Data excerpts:
• • • • •
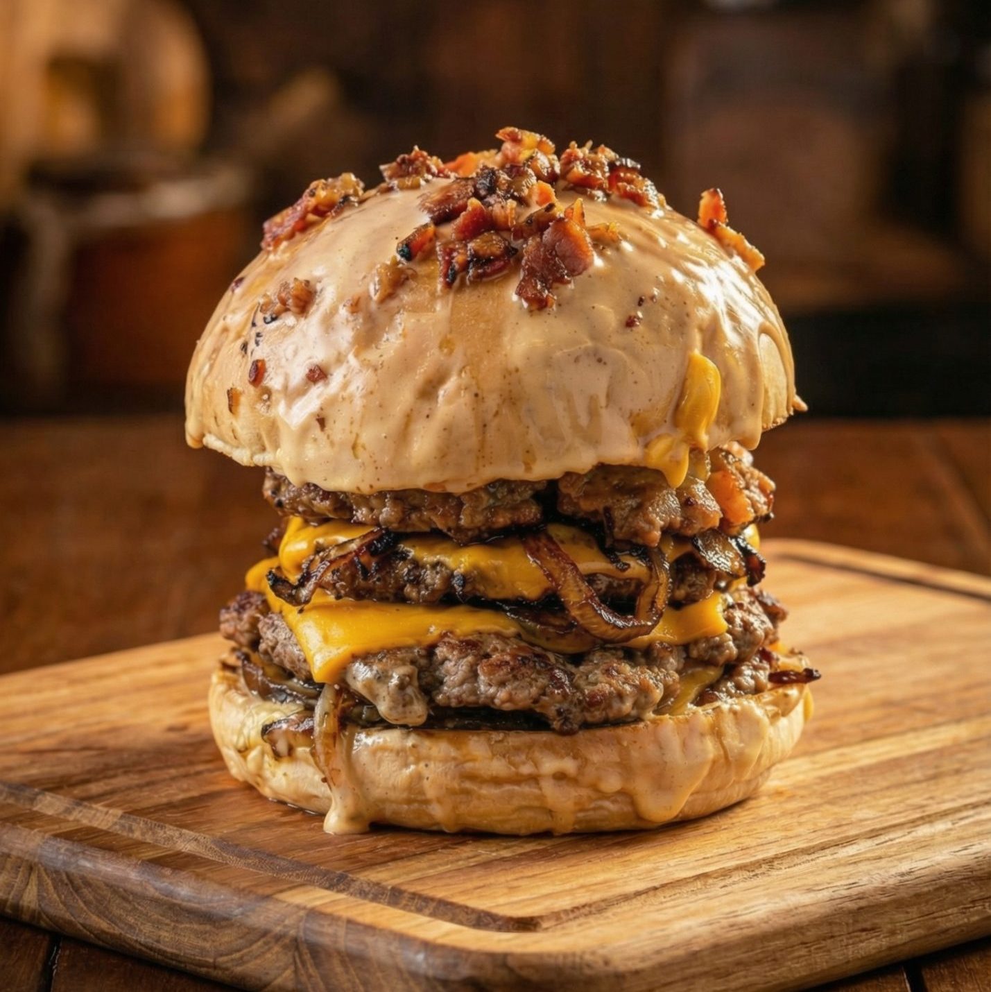 Pan artesanal, cuádruple carne de 100g, cuádruple queso cheddar, cheddar derretido, bacon en cubitos, cebolla crispy y la salsa de la casa.
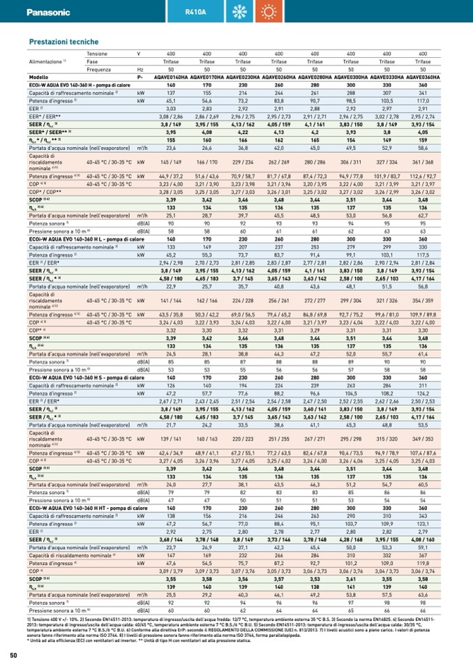 1) Tensione 400 V +/- 10%. 2) Secondo EN14511-2013: temperatura di ingresso/uscita dell'acqua fredda: 12/7 °C, temperatura ambiente esterna 35 °C B.S. 3) Secondo la norma EN14825. 4) Secondo EN14511-
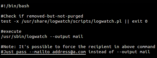 The file /etc/cron.daily/00logwatch (Figure 1) shows how to adjust the email recipient on Debian-based servers. However, the sendmail method explored earlier is more universally accepted. The cron implementation on other Unix-like flavors varies dramatically, and I've seen unwieldy logwatch scripts run straight from cron. Because logwatch is triggered as a cron job, however, that means you can also run it manually, and because it's a complex shell script, you can change much of its internal functionality.
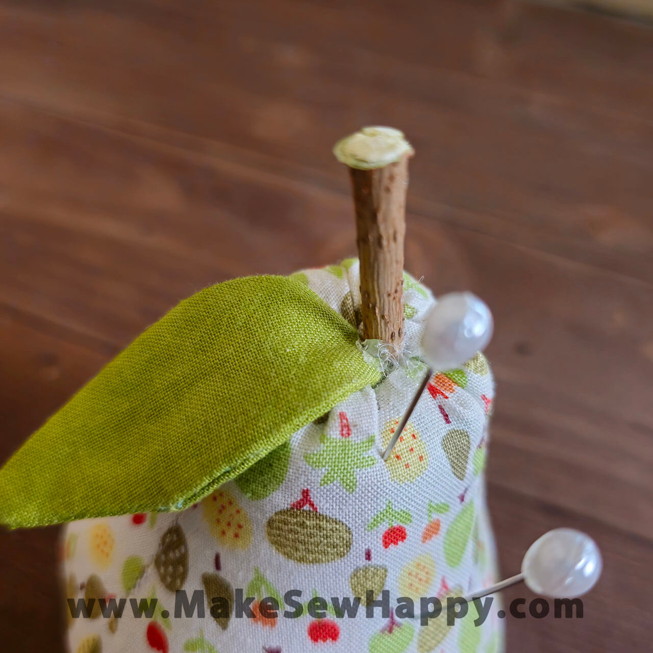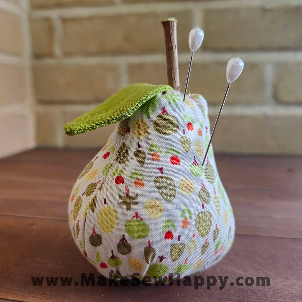 جا سوزنی پارچه‌ای مدل گلابی سفید طرح درخت و گل
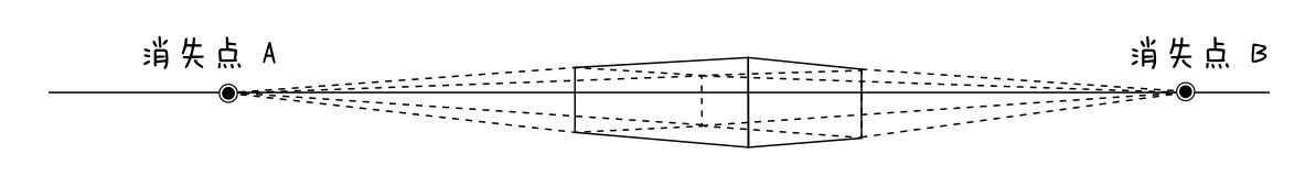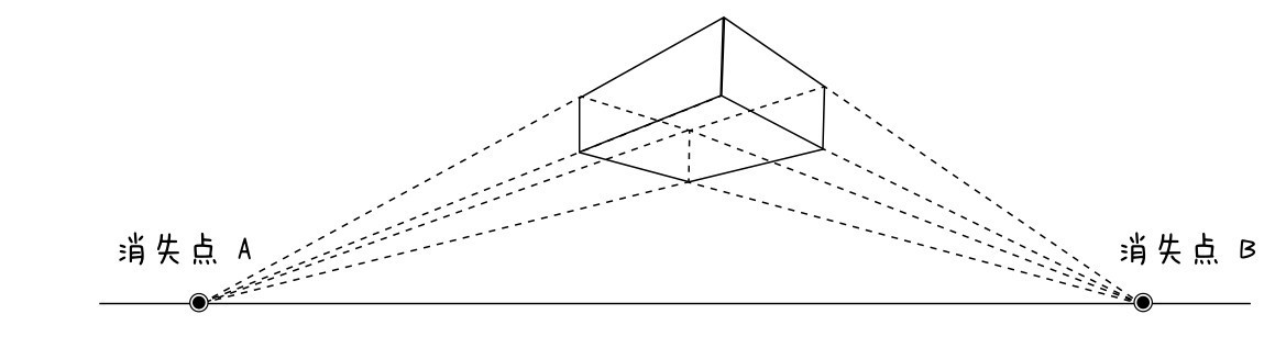 成角透视也叫“两点透视”,即物体向视平线的某两点消失。两点透视法是指视平线上有两个消失点,所绘制的立体结构(如下图所示)有两个消失点,两个面都用斜线绘制,强调了进深感。
• • • • •
> WHAT NEEDS TO BE DONE:
Pictures do not belong in the copy. Repeat only the lines from the top of the records through the line containing "1) Tensione 400".

> RESPONSE TO THIS EXERCISE:
 Pan artesanal, cuádruple carne de 100g, cuádruple queso cheddar, cheddar derretido, bacon en cubitos, cebolla crispy y la salsa de la casa.
 1) Tensione 400 V +/- 10%. 2) Secondo EN14511-2013: temperatura di ingresso/uscita dell'acqua fredda: 12/7 °C, temperatura ambiente esterna 35 °C B.S. 3) Secondo la norma EN14825. 4) Secondo EN14511-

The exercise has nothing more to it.